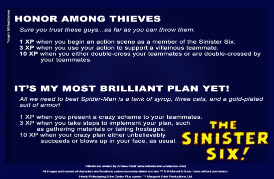 It’s Spidey villains week here at Plot Points! On the plate today is an attempt to give you some milestones if you want to try a villain-centered game. I came up with these Team Milestones with the Sinister Six in mind, but they should work for many other teams of villains.
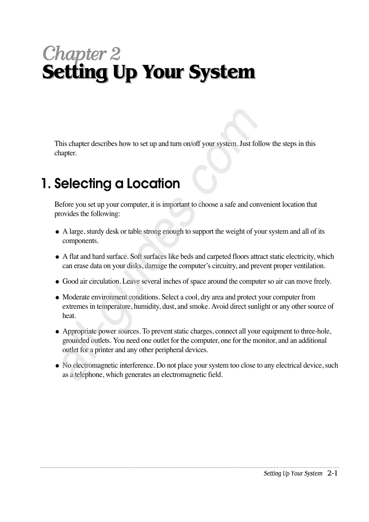 ● No electromagnetic interference. Do not place your system too close to any electrical device, such
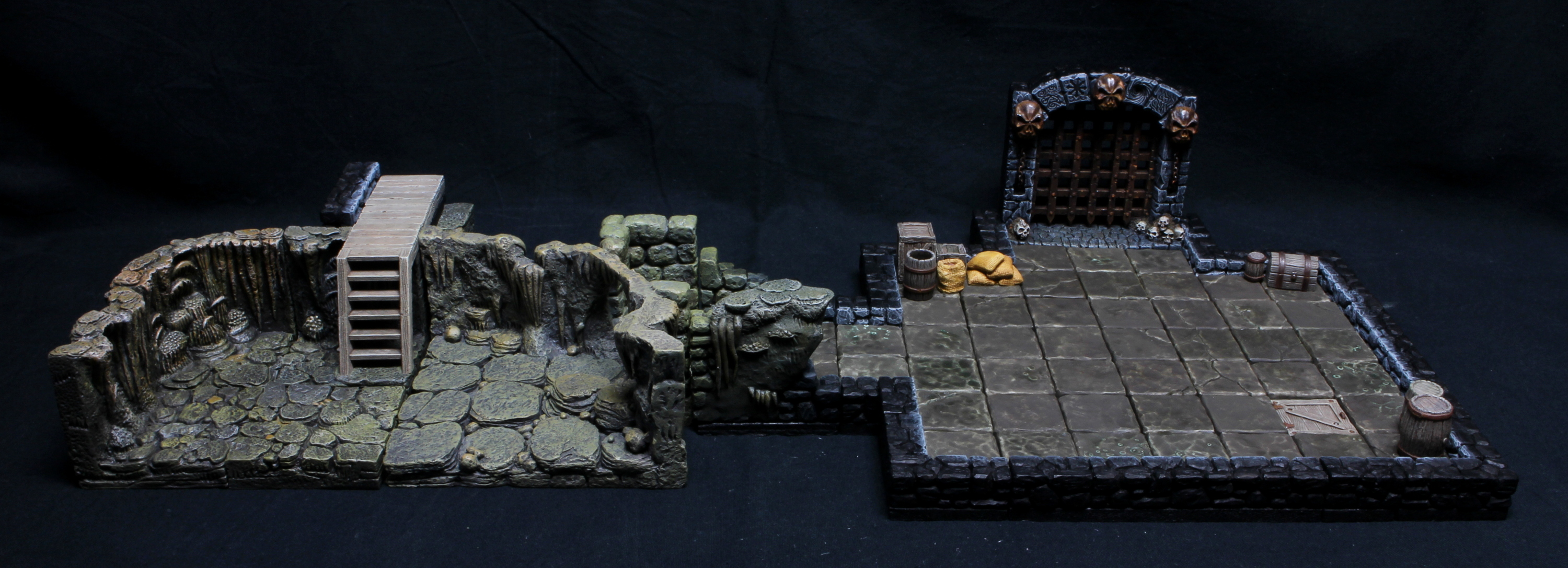 The walls are abbreviated on the HA stuff, and painted on the inside only, to make it easier to build, store and use these pieces. The one-sidedness is meant to suggest a claustrophobic subterranean world. The transition piece in the middle goes from one style to the other.
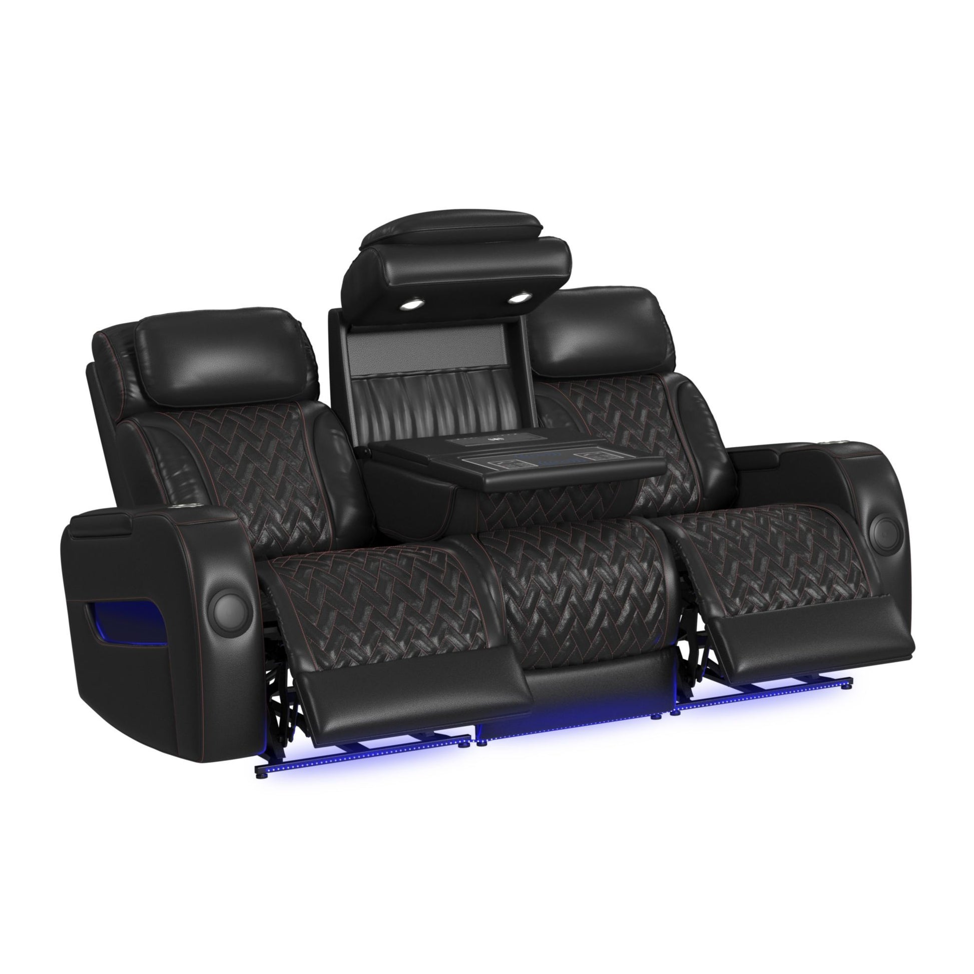 Upgrade your living room’s décor with the Prime Time Sofa. The power recline, headrest, and lumbar functions maximize comfort, allowing you to enhance your moments of repose. Features like LED lighting and a drop-down table with reading lights add modern flair, while wireless charging, metal cupholders, and hidden storage in the armrests add practical convenience. Luxurious 100% leather upholstery in a versatile black finish makes this piece easy to pair with various décor styles, and supportive pocket coil seating with foam cushioning creates a cozy retreat. For a refined addition of style and comfort, the Prime Time Sofa delivers.
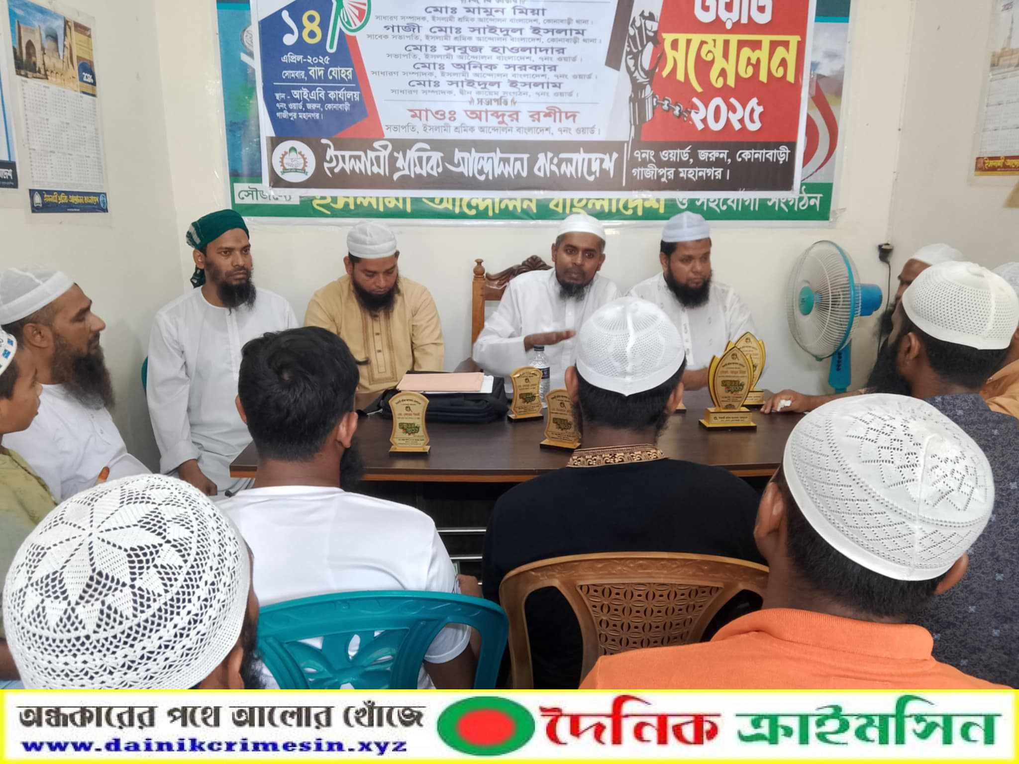 সোমবার (১৪ এপ্রিল) বাদ যোহর ৭.নং ওয়ার্ড জরুন কোনাবাড়ীতে ইসলামী আন্দোলন বাংলাদেশ নিজ অফিসে শ্রমিক আন্দোলন বাংলাদেশ গাজীপুর মহানগরে সহ-সভাপতি মাওলানা আব্দুল রশিদ সাহেব সভাপতিত্বে কমিটি গঠন উপলক্ষে আয়োজিত এ সম্মেলন অনুষ্ঠিত হয়।

▸ **Required action**
What you return must match the records exactly, apart from the images, which are omitted.

▸ **The answer**
 It’s Spidey villains week here at Plot Points! On the plate today is an attempt to give you some milestones if you want to try a villain-centered game. I came up with these Team Milestones with the Sinister Six in mind, but they should work for many other teams of villains.
 ● No electromagnetic interference. Do not place your system too close to any electrical device, such
 The walls are abbreviated on the HA stuff, and painted on the inside only, to make it easier to build, store and use these pieces. The one-sidedness is meant to suggest a claustrophobic subterranean world. The transition piece in the middle goes from one style to the other.
 Upgrade your living room’s décor with the Prime Time Sofa. The power recline, headrest, and lumbar functions maximize comfort, allowing you to enhance your moments of repose. Features like LED lighting and a drop-down table with reading lights add modern flair, while wireless charging, metal cupholders, and hidden storage in the armrests add practical convenience. Luxurious 100% leather upholstery in a versatile black finish makes this piece easy to pair with various décor styles, and supportive pocket coil seating with foam cushioning creates a cozy retreat. For a refined addition of style and comfort, the Prime Time Sofa delivers.
 সোমবার (১৪ এপ্রিল) বাদ যোহর ৭.নং ওয়ার্ড জরুন কোনাবাড়ীতে ইসলামী আন্দোলন বাংলাদেশ নিজ অফিসে শ্রমিক আন্দোলন বাংলাদেশ গাজীপুর মহানগরে সহ-সভাপতি মাওলানা আব্দুল রশিদ সাহেব সভাপতিত্বে কমিটি গঠন উপলক্ষে আয়োজিত এ সম্মেলন অনুষ্ঠিত হয়।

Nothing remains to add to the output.